Learn about those epic trees you're chugging by, choo choo.

Roaring Camp Railroads

SO MANY PLACES TO LOOK: If you asked a lover of vintage trains and a lover of forests and a lover of weekend outings and a lover of people-watching what most grasps their attention when everything great seems to be happening at once, you're apt to get an answer that goes along the lines of "all of it." You've been there, in a pleasant place, where much is going down: You're trying to soak it in, and memorize every last detail, which means that your eyes and ears are darting all over the dang place (if ears could be said to actually dart). But picking out one major element of an outing, for your full focus, is often the better route.

THE EXTRA CONCENTRATION... pays rewards later on, when you rhapsodize about what you admired via that singular focus. And deserving of our singular focus, as often as we can give it, are our coastal redwoods, those bark-laden behemoths that dot our state's water-close regions. The Roaring Camp Railroads wends by a number of redwoods along its Santa Cruz Mountains route, redwoods that can always be seen regardless of the theme of the trip (Halloween, the holidays, heritage happenings). But what if the sentinels that stand near the tracks, or not too far, at least, were given their own from-the-train spotlight of sorts? Then you'd have a...

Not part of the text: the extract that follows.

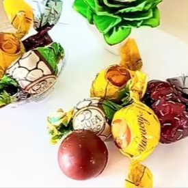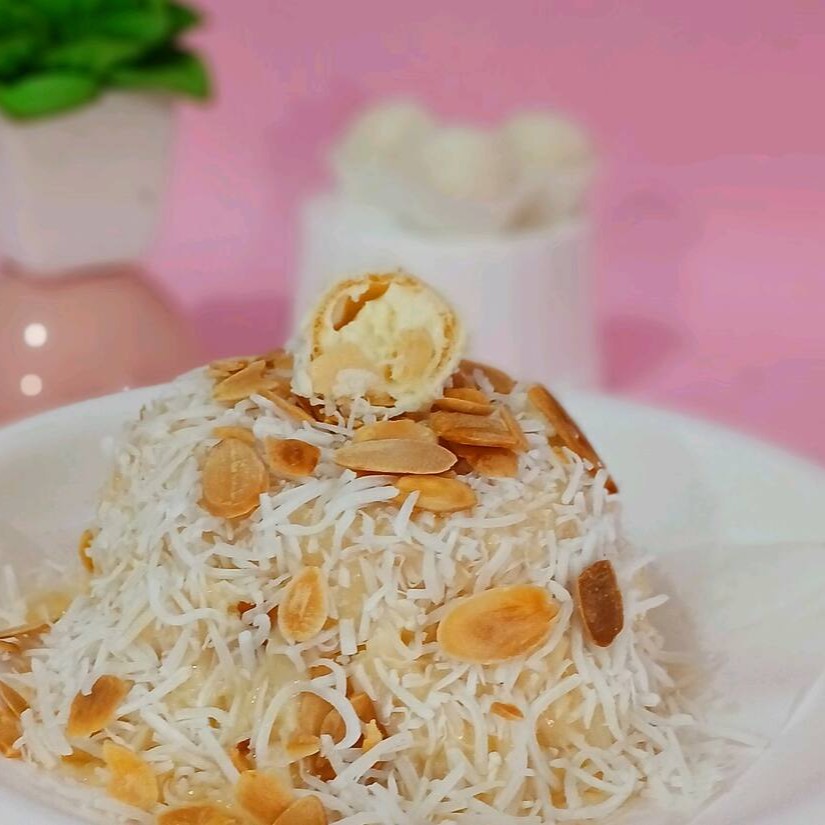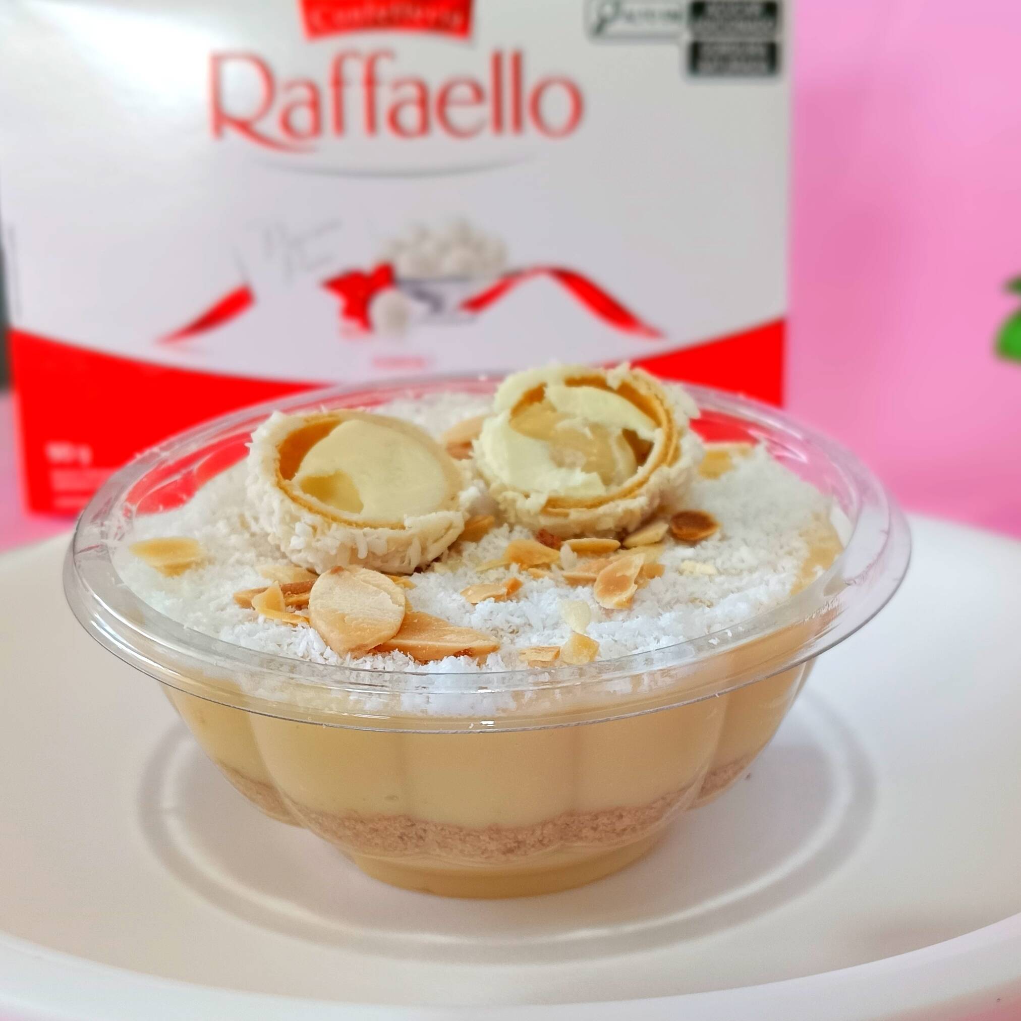 Um bombom com uma camada de creme branco gourmet , camadas de biscoito de maizena com coco úmido ,amêndoas laminadas e o delicioso bombom Rafaello

RAIN FOREST WEEKEND... which is going on through March at Roaring Camp. The trains'll consider those giants and how "the forest flourishes in moderate temperatures and a year-round water supply provided by the Pacific systems and dense fog." Fascinating facts for all forest fans, and if you love trains as dearly as the woods they roam? This could be your double-the-delight ride. The Rain Forest Rides are happening every Saturday and Sunday through the end of March. Here's a question we'd ask from the rails: How much smaller were the trees when Roaring Camp was founded back in the mid-1800s? Probably not too much smaller, given a redwood's rather epic timeline. There are many trains in the world, but only a fortunate few visit some of the tallest living things on the planet.